## Exercise instructions
Copy out each line featuring the string "with" from the entries beneath.

Material provided START

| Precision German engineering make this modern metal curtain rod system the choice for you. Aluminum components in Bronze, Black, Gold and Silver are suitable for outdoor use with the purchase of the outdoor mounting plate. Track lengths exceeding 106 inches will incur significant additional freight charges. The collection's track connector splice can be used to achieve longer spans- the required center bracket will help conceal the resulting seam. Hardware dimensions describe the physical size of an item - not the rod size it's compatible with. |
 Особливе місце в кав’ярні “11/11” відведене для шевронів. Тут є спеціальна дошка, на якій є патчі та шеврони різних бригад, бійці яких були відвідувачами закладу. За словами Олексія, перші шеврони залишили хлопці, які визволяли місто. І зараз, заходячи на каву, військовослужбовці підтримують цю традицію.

Material provided END
Material provided START

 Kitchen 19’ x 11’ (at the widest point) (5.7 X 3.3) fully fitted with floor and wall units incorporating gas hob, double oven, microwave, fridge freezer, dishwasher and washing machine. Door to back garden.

Material provided END
Material provided START

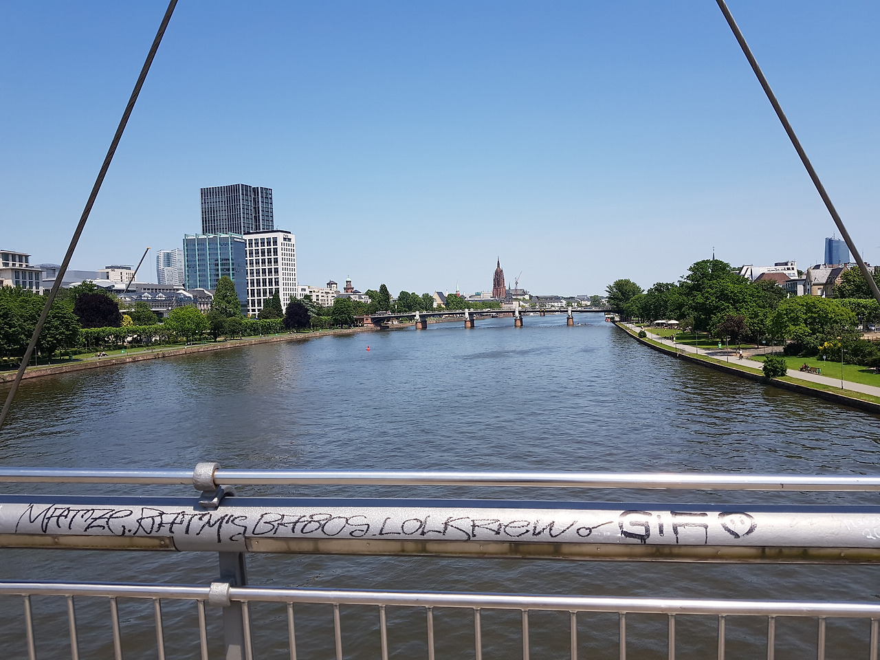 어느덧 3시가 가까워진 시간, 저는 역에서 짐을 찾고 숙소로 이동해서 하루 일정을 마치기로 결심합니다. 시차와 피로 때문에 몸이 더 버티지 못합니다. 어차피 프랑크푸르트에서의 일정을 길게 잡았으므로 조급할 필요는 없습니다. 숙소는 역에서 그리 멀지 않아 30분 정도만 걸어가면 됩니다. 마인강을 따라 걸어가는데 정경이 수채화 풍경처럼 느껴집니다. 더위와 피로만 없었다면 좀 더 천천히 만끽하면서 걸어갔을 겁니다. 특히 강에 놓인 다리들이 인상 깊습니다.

Material provided END

## Solution
| Precision German engineering make this modern metal curtain rod system the choice for you. Aluminum components in Bronze, Black, Gold and Silver are suitable for outdoor use with the purchase of the outdoor mounting plate. Track lengths exceeding 106 inches will incur significant additional freight charges. The collection's track connector splice can be used to achieve longer spans- the required center bracket will help conceal the resulting seam. Hardware dimensions describe the physical size of an item - not the rod size it's compatible with. |
 Kitchen 19’ x 11’ (at the widest point) (5.7 X 3.3) fully fitted with floor and wall units incorporating gas hob, double oven, microwave, fridge freezer, dishwasher and washing machine. Door to back garden.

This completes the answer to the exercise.